Stored items:
○ ○ ○ ○

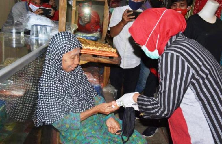 Keliling Pasar, Istri Bupati Lamteng Bagikan Masker Hingga Sabun Mandi
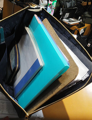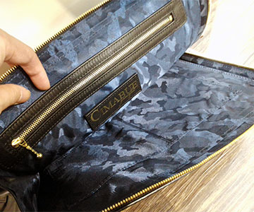 内装はネイビーの大人フラッシュカモで洗練された印象\(^o^)/ 落としポケット2つ、ファスナー1つと小分けする事も可能です(*^^*) ¥28000+税のB4サイズは書類やファイルなど身のまわり品すべてを完結できる要望が多かったサイズです(p_-)
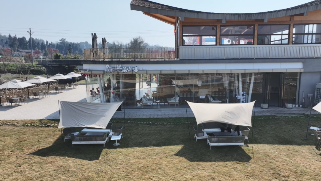 营地旁是颇具格调的“半藏云过溪咖啡厅”,咖啡爱好者可以在此“续命”。而咖啡厅外的大片空地,则是坝坝茶和围炉煮茶的绝佳主场。
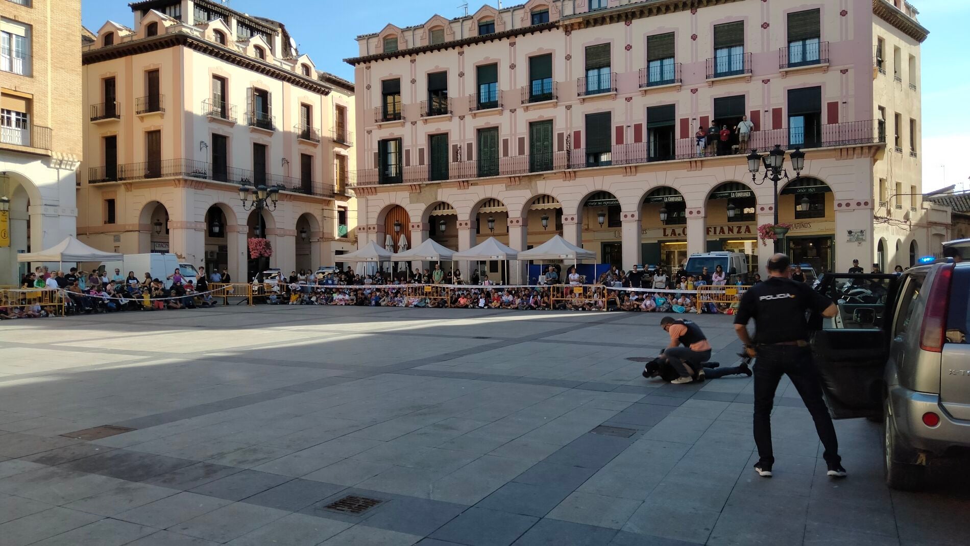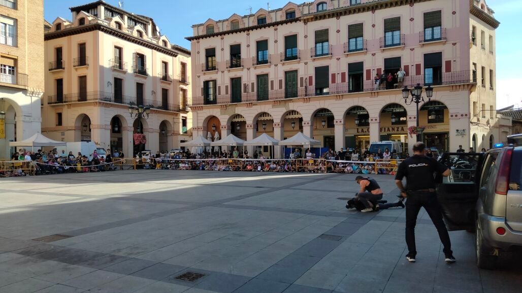 La Policía Nacional ha abierto sus actos por los Santos Ángeles Custodios, patrón del cuerpo y que se celebra el próximo martes 3 de octubre, con una serie de exhibiciones en la plaza Luis López Allué de Huesca ante más de 570 niños, entre escolares y usuarios de Aspace y Valentia.
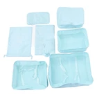 Feature: 1. Travel Organizer Set: Double sided large opening for easy organization. The smooth double zipper allows easy access for packing and organizing. 2. Classified and Convenient: Keep your travel items organized and easy to find with the clear and mesh top design. Top visible mesh design saves time searching for clothes. 3. Portable and Long Lasting: The widened handle design makes carrying effortless. Selected materials ensure durability and no odor. Machine washable and quick drying. 4. 7 Piece Set: Package includes 3 square clothing storage bags, 1 underwear storage bag, 1 waterproof shoe bag, 1 drawstring bag, and 1 digital pouch. Perfect for cosmetics, toiletries, and more. 5. Easy Storage and Cleaning: Soft, foldable travel organizers are lightweight and do not add extra weight to your luggage. They do not damage or soil clothes and are easy to wash and quick to dry. Specification: Item Type: Luggage Organizer Bags Set Features: Large capacity, orderly classification, convenient to carry, safe material, long lasting, simple and beautiful design Package List: 1 x Large Clothing Bag 1 x Medium Clothing Bag 1 x Small Clothing Bag 1 x Underwear Bag 1 x Shoe Bag 1 x Digital Storage Bag 1 x Drawstring Bag Note: 1. Travelling storage bag, neat and beautiful 2. Clip design, fixed clothing 3. Smooth zip without jamming 4. Handle design, more convenient to pick up 5. Full featured, good storage for travelling
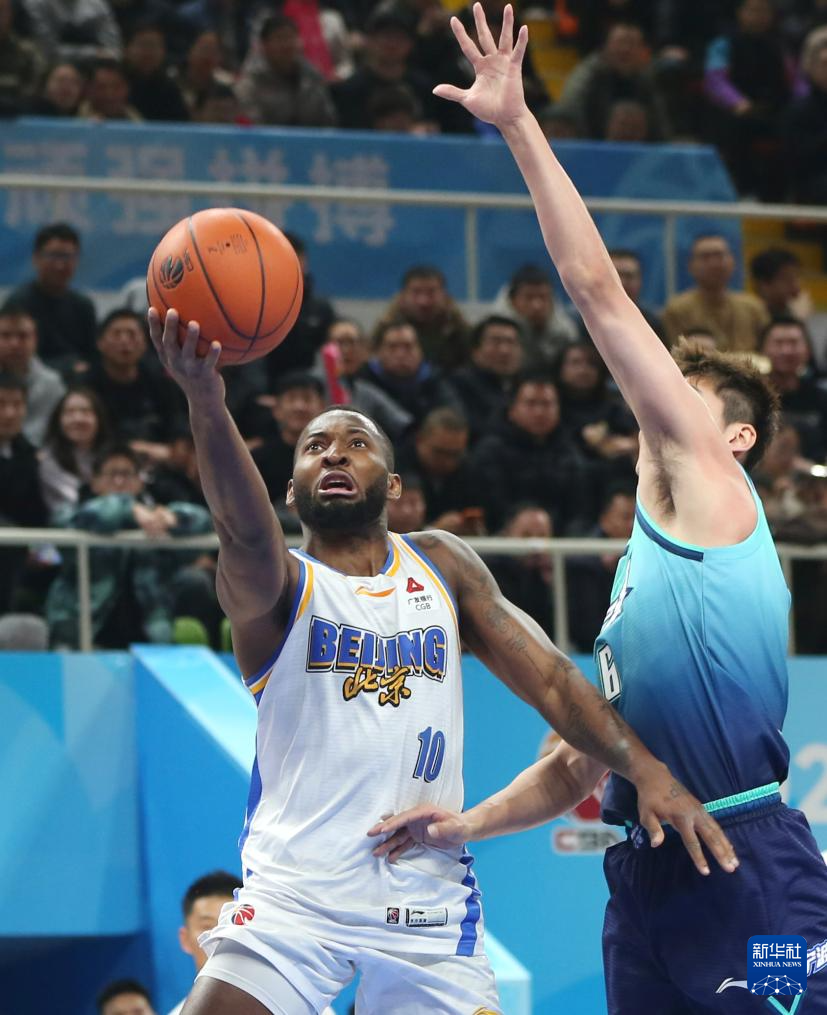 1月6日,北京北汽队球员杰曼(左)在比赛中上篮。
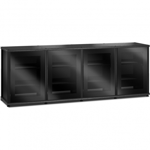 This is a tall and wide cabinet with four doors, so it will hold plenty of gear and will accommodate the largest of TVs. The unit comes with 8 fully adjustable black shelves, and includes a removable black rear panel that has been sized to allow cables to pass over and/or underneath it.
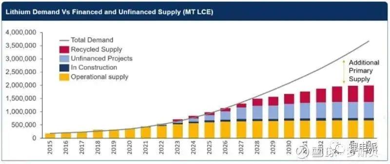 圖1 2015-2035年鋰資源的需求量(黑色線條)和產(chǎn)量(柱狀圖)
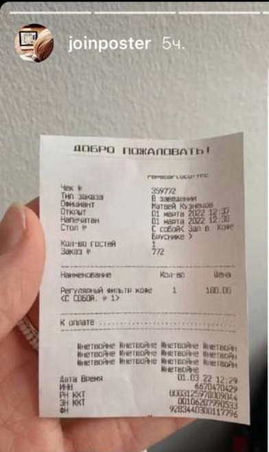 Несколько российских кофеен и ресторанов заметили на фискальных чеках антивоенные лозунги. Все потому, что они пользовались украинской системой Poster POS для учета и систематизации. В Екатеринбурге со взломом системы столкнулась сеть кофеен Papa Carlo и ресторан Gege.

○ ○ ○ ○

Exercise prompt.
Write out exactly the lines from the one containing "1月6日,北京北汽队球员杰曼(左)在比赛中上篮。" through the end of the records above, both included, leaving all pictures out.

Task result.
 1月6日,北京北汽队球员杰曼(左)在比赛中上篮。
 This is a tall and wide cabinet with four doors, so it will hold plenty of gear and will accommodate the largest of TVs. The unit comes with 8 fully adjustable black shelves, and includes a removable black rear panel that has been sized to allow cables to pass over and/or underneath it.
 圖1 2015-2035年鋰資源的需求量(黑色線條)和產(chǎn)量(柱狀圖)
 Несколько российских кофеен и ресторанов заметили на фискальных чеках антивоенные лозунги. Все потому, что они пользовались украинской системой Poster POS для учета и систематизации. В Екатеринбурге со взломом системы столкнулась сеть кофеен Papa Carlo и ресторан Gege.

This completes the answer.